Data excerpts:
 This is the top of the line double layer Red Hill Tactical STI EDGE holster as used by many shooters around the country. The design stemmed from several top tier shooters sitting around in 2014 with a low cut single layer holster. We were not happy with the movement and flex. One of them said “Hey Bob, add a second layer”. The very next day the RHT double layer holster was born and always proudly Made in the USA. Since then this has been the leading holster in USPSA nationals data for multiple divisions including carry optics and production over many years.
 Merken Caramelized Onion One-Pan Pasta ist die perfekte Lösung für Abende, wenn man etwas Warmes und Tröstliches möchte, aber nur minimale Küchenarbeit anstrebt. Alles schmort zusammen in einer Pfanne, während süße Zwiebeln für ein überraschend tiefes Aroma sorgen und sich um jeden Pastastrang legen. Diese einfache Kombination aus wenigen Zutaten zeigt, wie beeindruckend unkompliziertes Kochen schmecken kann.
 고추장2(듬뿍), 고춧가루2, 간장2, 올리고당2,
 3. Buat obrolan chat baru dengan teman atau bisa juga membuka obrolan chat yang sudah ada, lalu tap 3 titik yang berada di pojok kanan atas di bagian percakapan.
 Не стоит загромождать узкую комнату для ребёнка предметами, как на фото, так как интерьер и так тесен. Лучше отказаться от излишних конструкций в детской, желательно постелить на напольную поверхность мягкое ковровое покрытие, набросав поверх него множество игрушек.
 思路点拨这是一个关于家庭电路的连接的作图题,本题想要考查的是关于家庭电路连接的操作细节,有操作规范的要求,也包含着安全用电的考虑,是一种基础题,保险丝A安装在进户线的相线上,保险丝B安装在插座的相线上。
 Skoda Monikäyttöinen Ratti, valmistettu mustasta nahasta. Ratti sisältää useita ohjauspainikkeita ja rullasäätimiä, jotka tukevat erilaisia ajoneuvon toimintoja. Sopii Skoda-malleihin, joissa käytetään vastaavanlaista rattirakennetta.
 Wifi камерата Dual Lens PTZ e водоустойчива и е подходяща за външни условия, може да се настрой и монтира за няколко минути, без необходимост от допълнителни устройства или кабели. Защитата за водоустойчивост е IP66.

Description of the task –
What goes in the answer is the run of lines from the one holding "Не стоит загромождать" to the end of the entries, reproduced exactly and with nothing else.

Written reply –
 Не стоит загромождать узкую комнату для ребёнка предметами, как на фото, так как интерьер и так тесен. Лучше отказаться от излишних конструкций в детской, желательно постелить на напольную поверхность мягкое ковровое покрытие, набросав поверх него множество игрушек.
 思路点拨这是一个关于家庭电路的连接的作图题,本题想要考查的是关于家庭电路连接的操作细节,有操作规范的要求,也包含着安全用电的考虑,是一种基础题,保险丝A安装在进户线的相线上,保险丝B安装在插座的相线上。
 Skoda Monikäyttöinen Ratti, valmistettu mustasta nahasta. Ratti sisältää useita ohjauspainikkeita ja rullasäätimiä, jotka tukevat erilaisia ajoneuvon toimintoja. Sopii Skoda-malleihin, joissa käytetään vastaavanlaista rattirakennetta.
 Wifi камерата Dual Lens PTZ e водоустойчива и е подходяща за външни условия, може да се настрой и монтира за няколко минути, без необходимост от допълнителни устройства или кабели. Защитата за водоустойчивост е IP66.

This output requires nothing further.